AOL Waves Away Online Ad Concerns

Stung after a top analyst’s concerns about its online advertising sales, AOL Time Warner swung back, reiterating earlier guidance and pointing to growth in 2003.

Wayne Pace, the New York-based media conglomerate’s chief financial officer, said at a Deutsche Bank media conference on Wednesday that America Online ad sales for 2002 are expected to come in between $1.8 billion and $2.2 billion, down between 33 percent and 19 percent from last year.

He added that the company expected the online ad market to bounce back during the second half of 2002.

That’s in line with predictions AOL made earlier this year. But Pace’s comments come a day after Lehman Internet analyst Holly Becker said she expected the unit’s online ad revenue would fall below the $1.8 billion previously forecast.

Becker, whose comments caused the stock to plummet 4.9 percent during the day, also wrote that she expected the company’s online ad woes to continue into 2003, when America Online sales would fall about 10 percent to $1.6 billion.

Pace disputed that analysis as well.

“We are looking for growth year-over-year off of this year,” he said. While not going into specifics, Pace said that the midyear turnaround in the ad market would prompt more new deals to be signed than AOL lost during the year, thereby contributing to increased 2003 revenues, also in line with guidance.

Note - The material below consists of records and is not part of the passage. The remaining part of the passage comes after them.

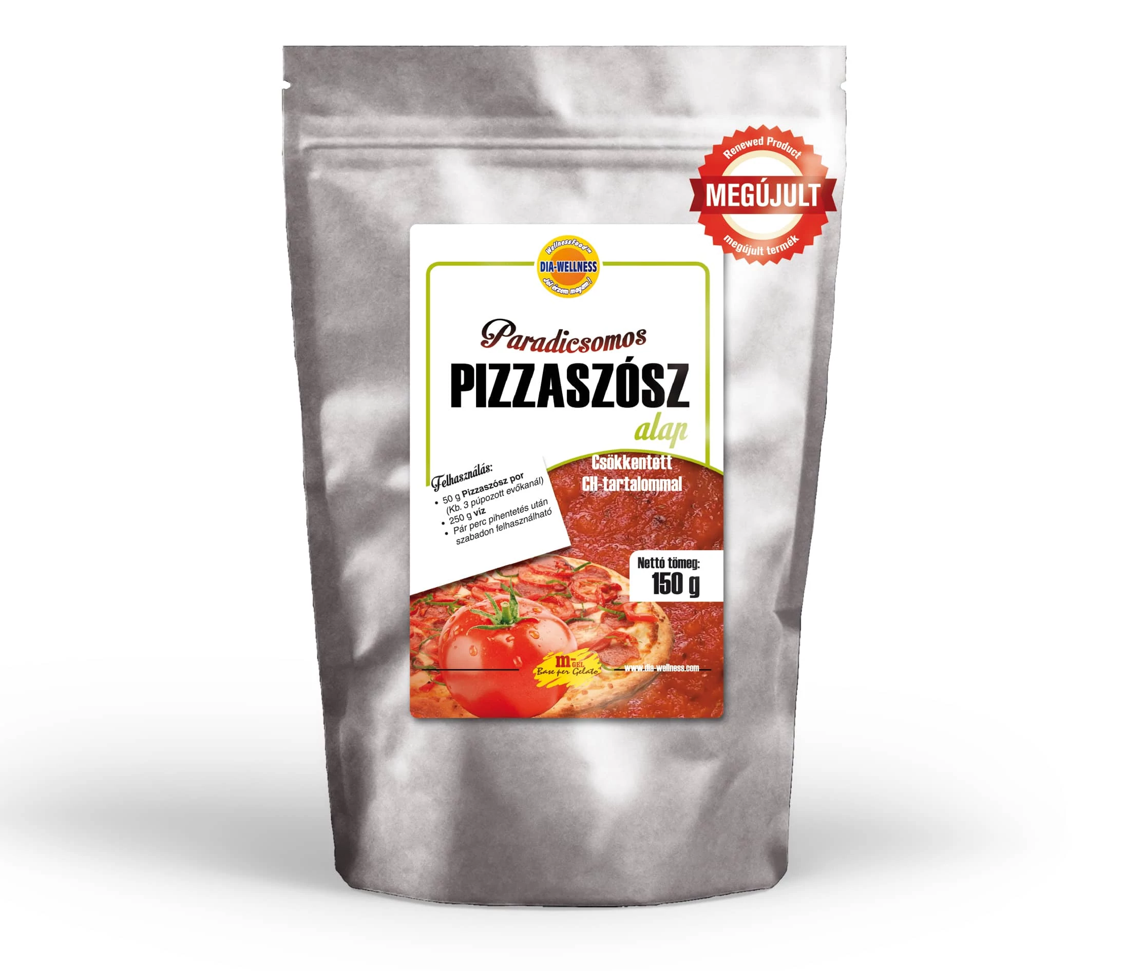 Felhasználási javaslat: 50 g (kb. 3 púpozott evőkanál) Dia-wellness paradicsomos pizzaszósz alapot 250ml vízzel összekeverünk,néhány perc pihentetés után felhasználható.
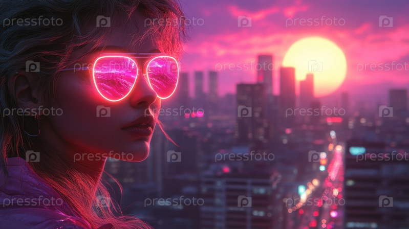 Неоновый городской пейзаж на закате с футуристическими вибрациями и яркими цветами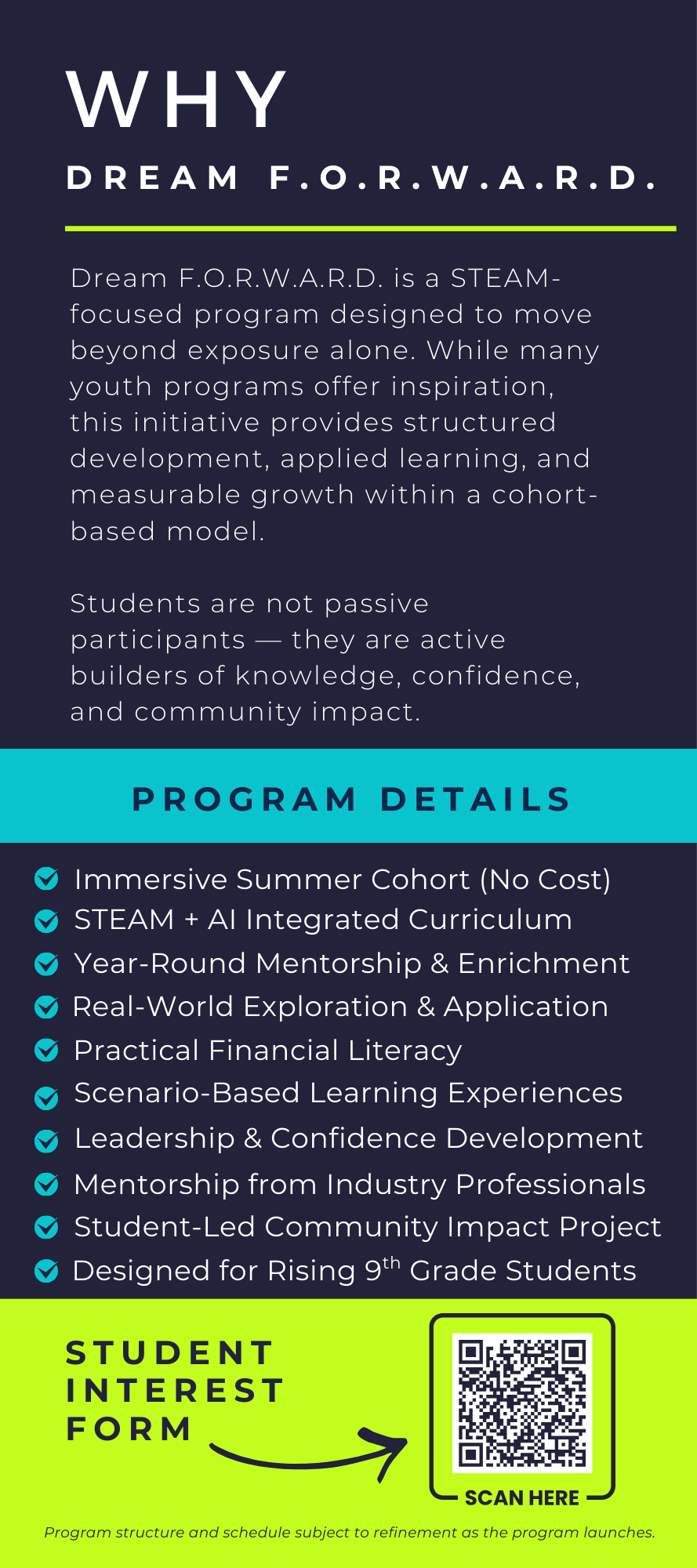 Your support helps launch our inaugural program, Dream F.O.R.W.A.R.D., a STEAM-centered youth initiative, while establishing a strong foundation for the organization’s long-term growth. As Embouldin To Dream evolves, our programming and reach will continue to expand to meet emerging community needs.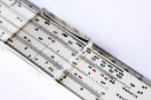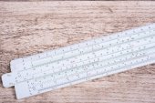 zabytkowym suwak logarytmiczny leżącego na drewnianym stole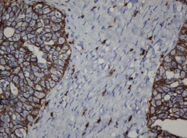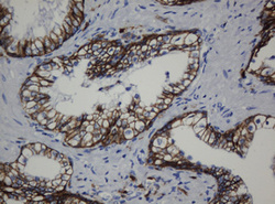 - IHC of paraffin-embedded Adenocarcinoma of Human colon tissue using anti-CDH1 mouse monoclonal antibody. (Heat-induced epitope retrieval by 10mM citric buffer, pH6.0, 120°C for 3min).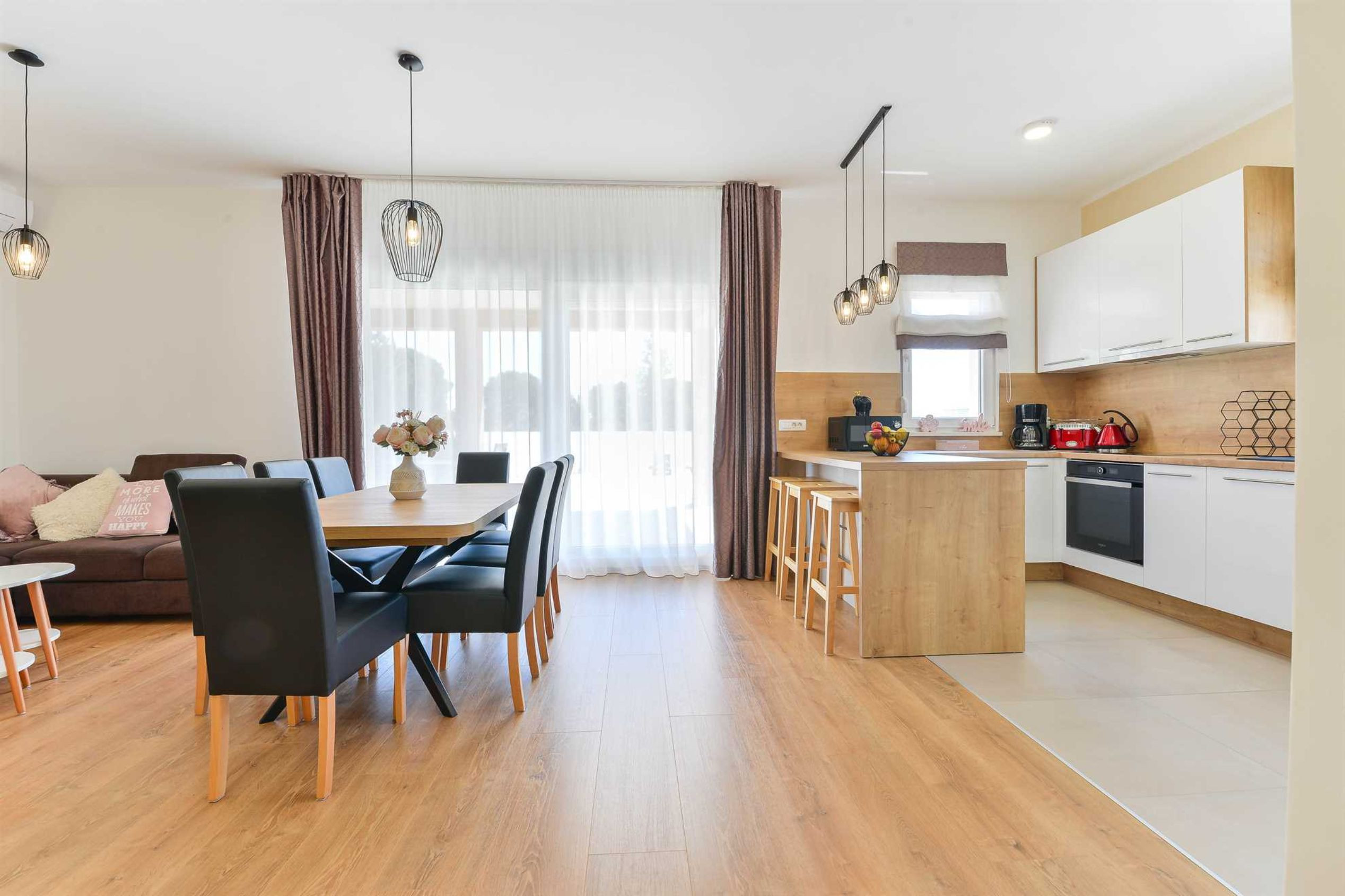The outdoor space is a beutiful, open area with a heated pool. It is connected to a roofed terrace with a seating and dining area, where you will enjoy your meals which you prepared on the outdoor BBQ.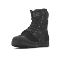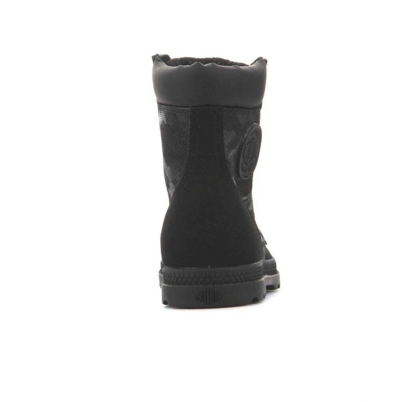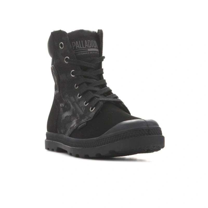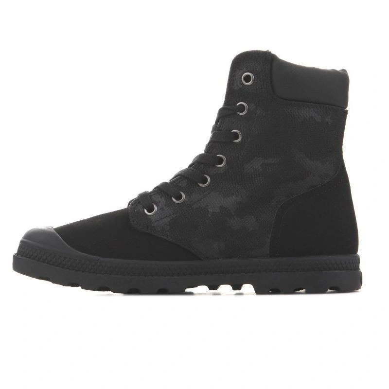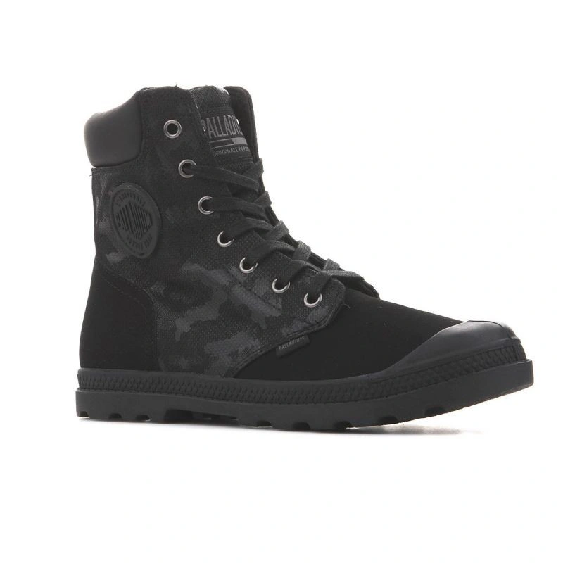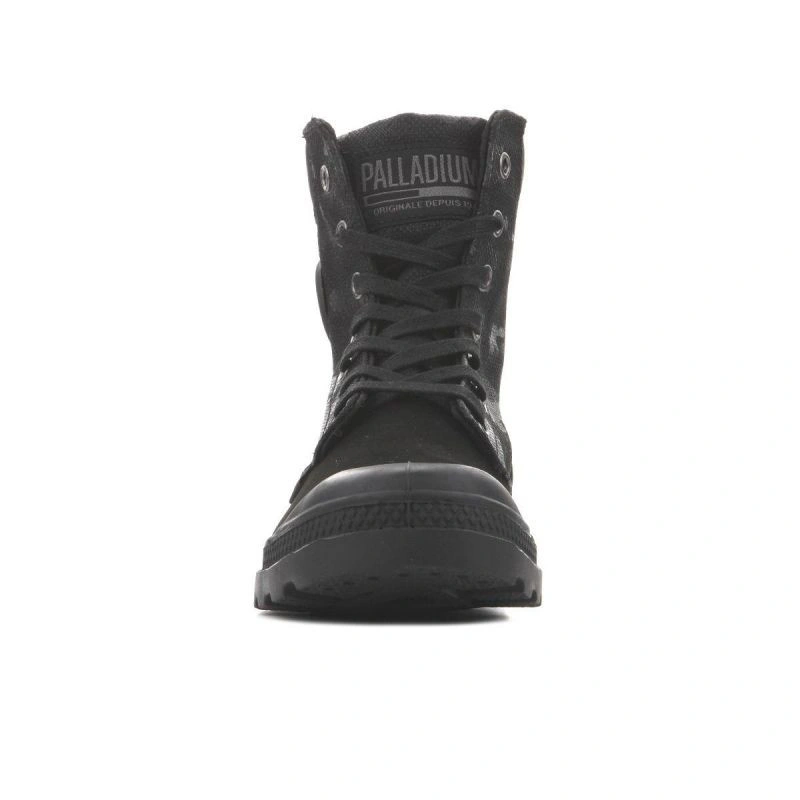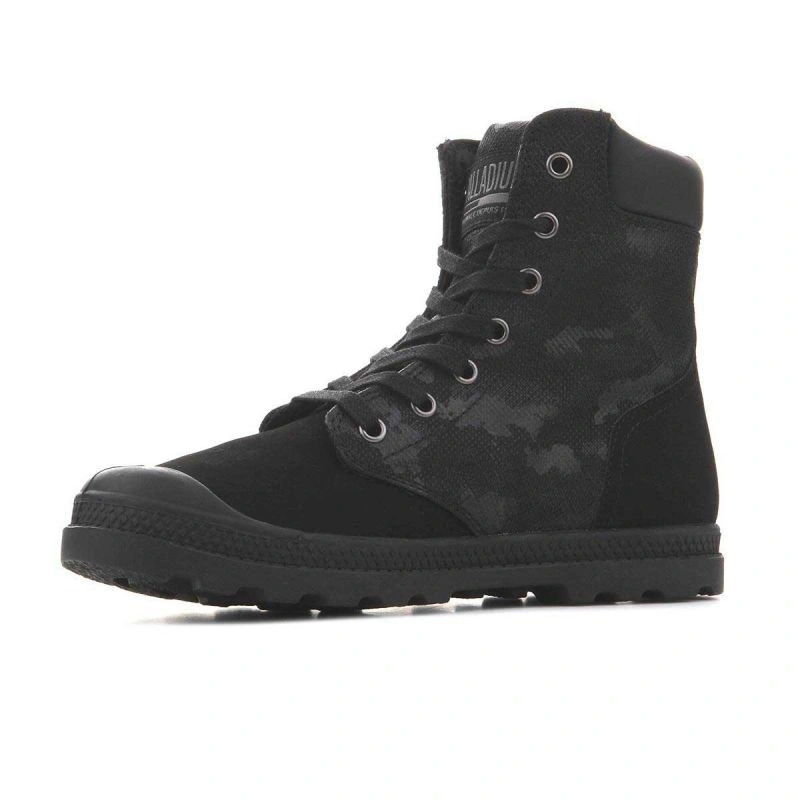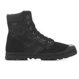 Vysoký svršek na šněrování a kulatá vyztužená přední část. Svršek je vyroben ze dvou různých textilních materiálů pro originalitu. Stélka je vyrobena z textilního materiálu. Pevná a odolná podrážka z kvalitního plastu zaručuje dobrou pružnost a přilnavost díky širokému běhounu. Komfort a pohodlí. Logo Palladium na boku, na jazyku a vzadu na podrážce.

He also pointed to efforts by chief operating officer Bob Pittman to revamp the AOL marketing structure, an effort that so far has resulted in job cuts and other organizational changes in the unit, which has offices in New York and Dulles, Va.

Pace added that AOL is working to hammer out ad sales models that have worked well in the past — when Pittman served as president of America Online — and that work well in traditional media. For one thing, he pointed to efforts to ink long-term, highly-visible placements, such as AOL’s arrangement with paid search listings provider Google.

“Bob is taking an approach of completely breaking down the past relationships and the past ways we’ve sold advertising at AOL, going back to the anchor tenancy types of things,” Pace said. “Going forward we will look at ways that include not only anchor tenancy-like things like the Google contract … but we will go at more traditional-media types of advertising sales, and there will be different types of value propositions between those two types.”

Pace did not go into detail about what he meant by “traditional-media” advertising arrangements, but said the firm already has seen some early successes.